Setup a python virtual environment
./bin/create_test_venv.sh
Activate the python virtual environment created in Step 1
source test_venv/bin/activate
Run the locust load tests For example:
locust -f pint_server/tests/loadtest/locustfile.py --host http://localhost:5000 --headless -u 100 -r 10
--host is where the pint service is running -u specifies the number of users to spawn -r specifies the number of users to start per second
If you want to specify the runtime for the loadtests, you can do so with the -t option: For example: .. code-block:
locust -f pint_server/tests/loadtest/locustfile.py --host http://localhost:5000 --headless -u 100 -r 10 -t10m
Here's an example of a normal workflow for performing schema update.
create a new changeset file in pint_server/pint_db_migrate/versions/. The new changeset file must have the following format: <d><d><d>_<string>.py. The first three digit of the filename is the version number, follow by an underscore and a meaningful name of the changeset. The new changeset must have the highest version number, which is usually a plus one increment of the last version. For example, if pint_server/pint_db_migrate/versions/ currently contains a file 001_in_the_beginning.py. The next changeset should starts with 002. Say if we want to add a new column foo to the amazonimages table. We should create a new file named 002_add_foo_column_to_amazonimages.py with the following content:
from sqlalchemy import Table, MetaData, String, Column def upgrade(migrate_engine): meta = MetaData(bind=migrate_engine) amazonimages = Table('amazonimages', meta, autoload=True) foo = Column('foo', String(100)) foo.create(amazonimages) def downgrade(migrate_engine): meta = MetaData(bind=migrate_engine) amazonimages = Table('amazonimages', meta, autoload=True) amazonimages.c.foo.drop()

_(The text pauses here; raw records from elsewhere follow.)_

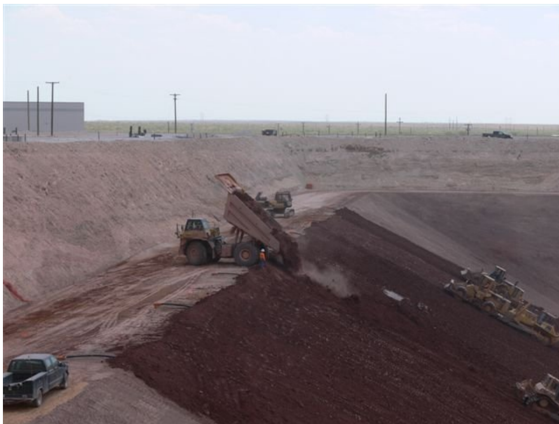
Fig 2. Installation of the Three Foot Clay Liner.

Finally during construction, compacted clay moisture and density were tested in-place an average of 20 times for each 15 cm thick layer of the 1.16 hectares liner constructed in the CWF landfill. If results did not fall within the acceptability envelope, the clay’s moisture was adjusted and it was re-compacted until acceptable results were measured. A total of 24 hydraulic conductivity tests were conducted on undisturbed samples of each 15 cm layer of the liner. All samples performed better than the required 4 \times 10^{-9} cm/sec.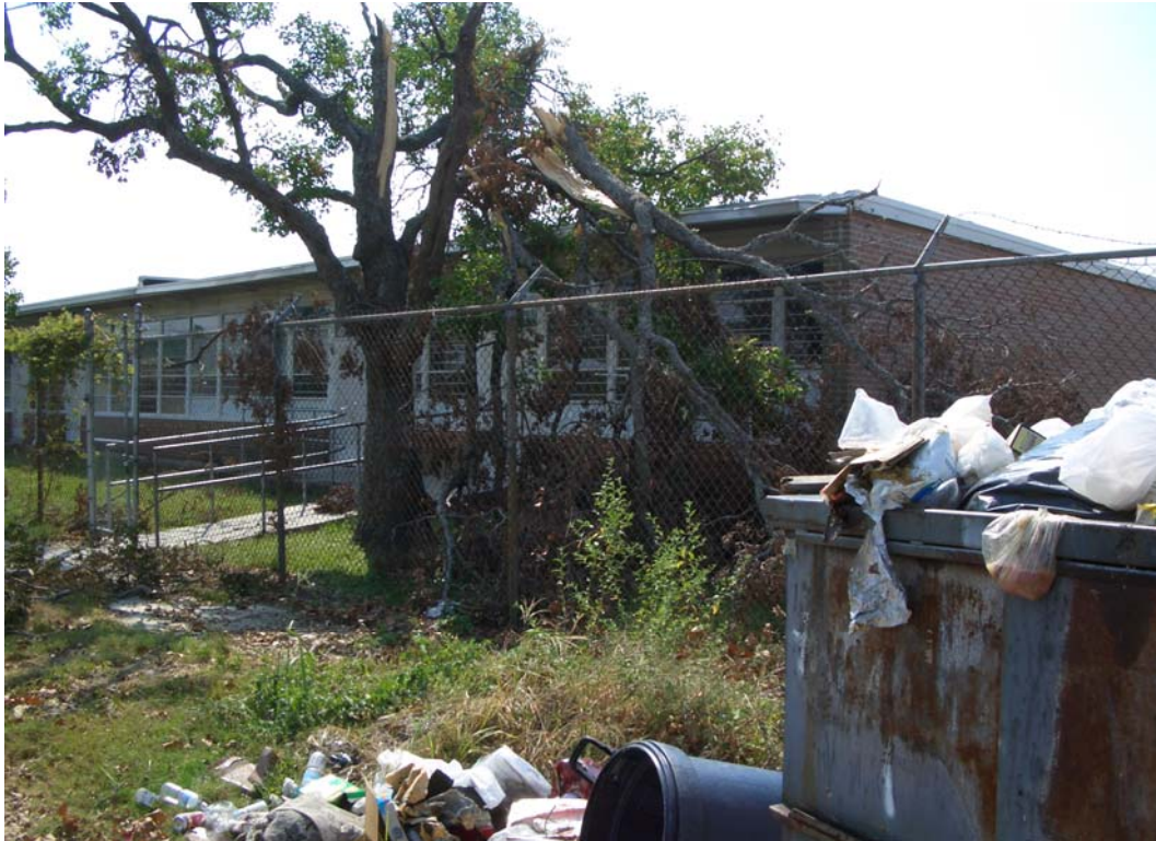
Tree down on side of building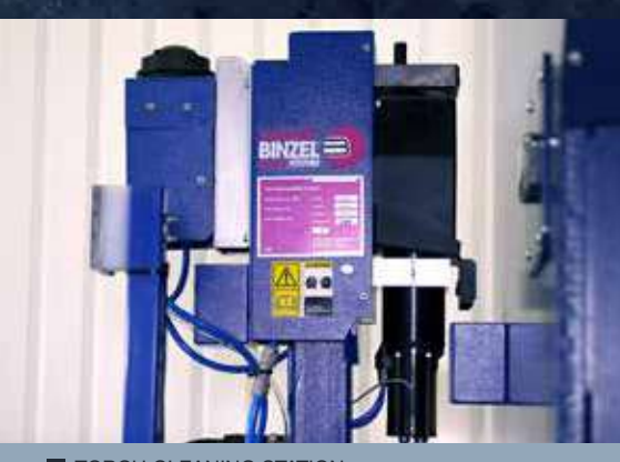
■ TORCH CLEANING STATION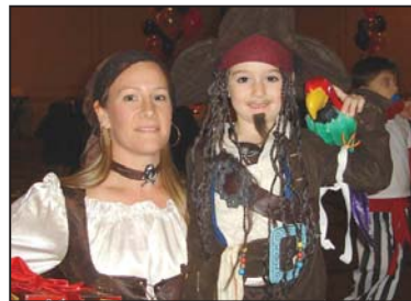
"Treasure this Moment" - Costume prize - Best Couple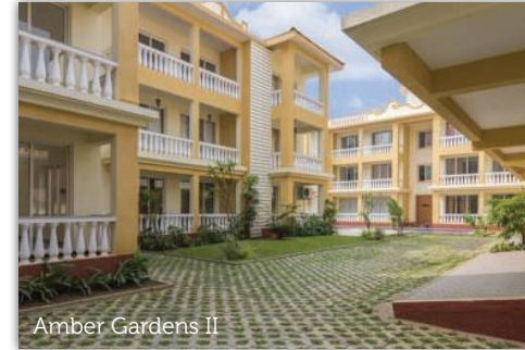
Amber Gardens II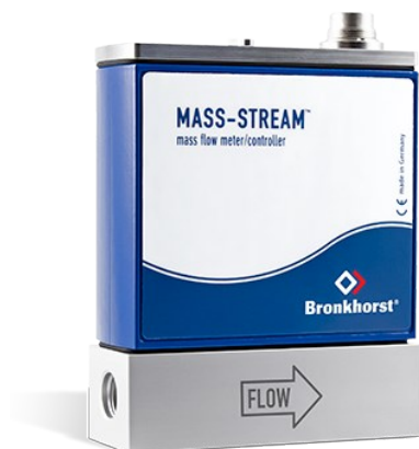
MASS-STREAM D-6341 MFC

Débit min. 0,14...7 l/min Débit max. 1...50 l/min Pression jusqu'à 20 bar Boîtier robuste (IP65) Option afficheur TFT intégré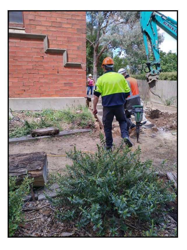
10. Overseeing the works, archaeologists and builder.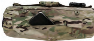
HAND HAVEN COACHYS & ASSOCIATES OCP # HH1100-OCP ALPINE #HH1100-ALP COYOTE #HH1100-COY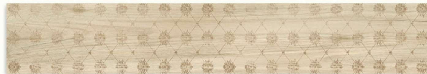
LEGNO BEIGO LISTELLO B | 120x20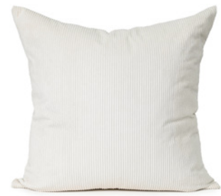
CREAM CORD DDCCORC001 - 57 x 57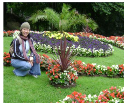
Appreciating the colorful gardens in Boras

My first impression of Boras was of a quaint little sleepy town. Of course my room was not ready given my very early arrival. Putting my bags in the hotel storage, I ventured onto the cobblestoned sidewalks of the town. Into the park adjacent to the hotel I went taking numerous pictures of the vibrantly colorful flora. In no time did I adapt to the rainy welcome of Boras as my home town is on the rainier side of Fiji. Over the course of the day, I met up with a few grantees who had arrived the previous night and as our numbers increased, we explored the town centre, its many shops and accidently located the University of Boras School of Library and Information Studies building.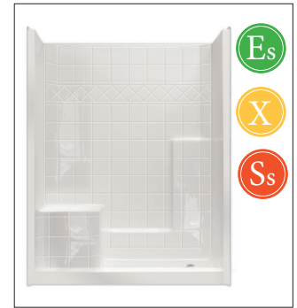
MP 6032 SH IS 3P 4.0 L/R OD: 60" x 33" x 77" Enclosure: up to 55.75" x 71"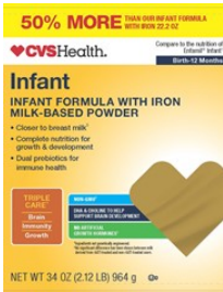
2 small cans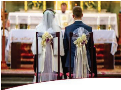
A Celebration of Marriage in the Archdiocese of Toronto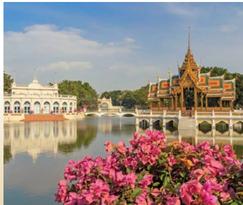
Bang Pa-In Palace

🌐Elective | Sala Rim Naam. Join an evening immersed in Thai culture. This unique experience features a Thai dance show and a dinner of classic Thai dishes.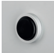
Aluminium buffer Schäfer AL7015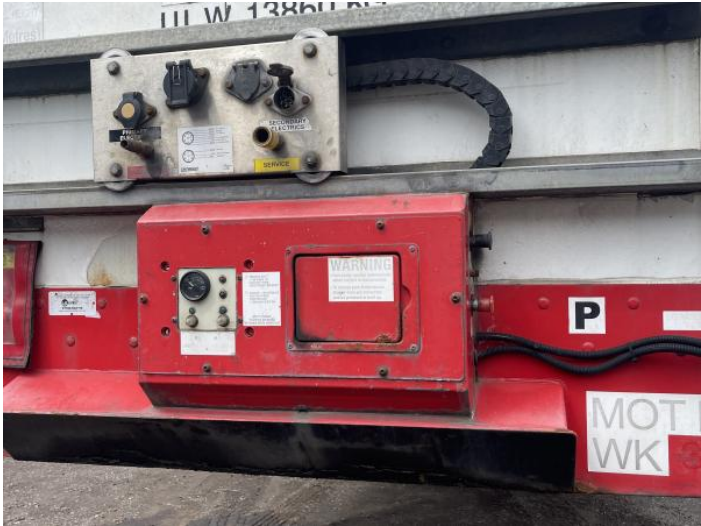
4: Bonnet Rusted Over 5mm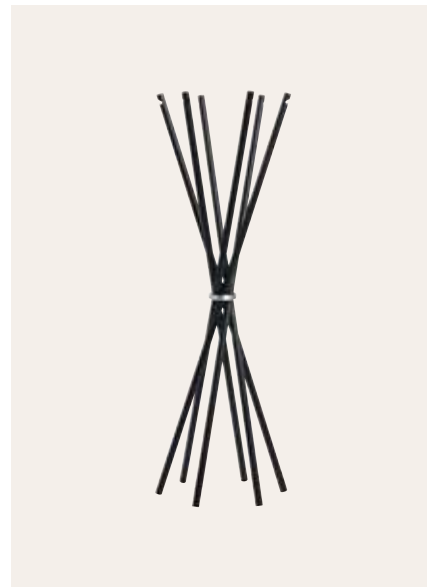
Poles: Black lacquered ash Ring: Polished aluminium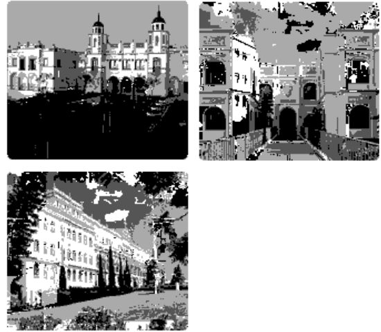
Fig. 3. Separated images using the algorithm from the observation image depicted in Fig. 2.

create the Python 3.6 development virtual environment
./bin/create_dev_venv.sh
activate the development virtual environment
source dev_venv/bin/activate
run the ./bin/pint_db_migrate.sh CLI to perform scheme and data upgrade. The script itself is idempotent so it won't fail if the schema and data are already up-to-date.
./bin/pint_db_migrate.sh -h db_host -U db_user -W db_password -n db_name --ssl-mode require --root-cert /etc/ssl/postgresql_ca_cert.pem upgrade --pint-data /home/foo/pint-data
NOTE: in the above example, /home/foo/pint-data is where you clone the pint-data repo. In other words, the XML data files are expected to be located in the /home/foo/pint-data/data directory.
NOTE: The --root-cert is path to the file with the RDS CA bundle which can be obtained from https://s3.amazonaws.com/rds-downloads/rds-combined-ca-bundle.pem
NOTE: in a development environment where TLS is not enabled for the PostgreSQL instance, the --ssl-mode and --root-cert arguments are not needed.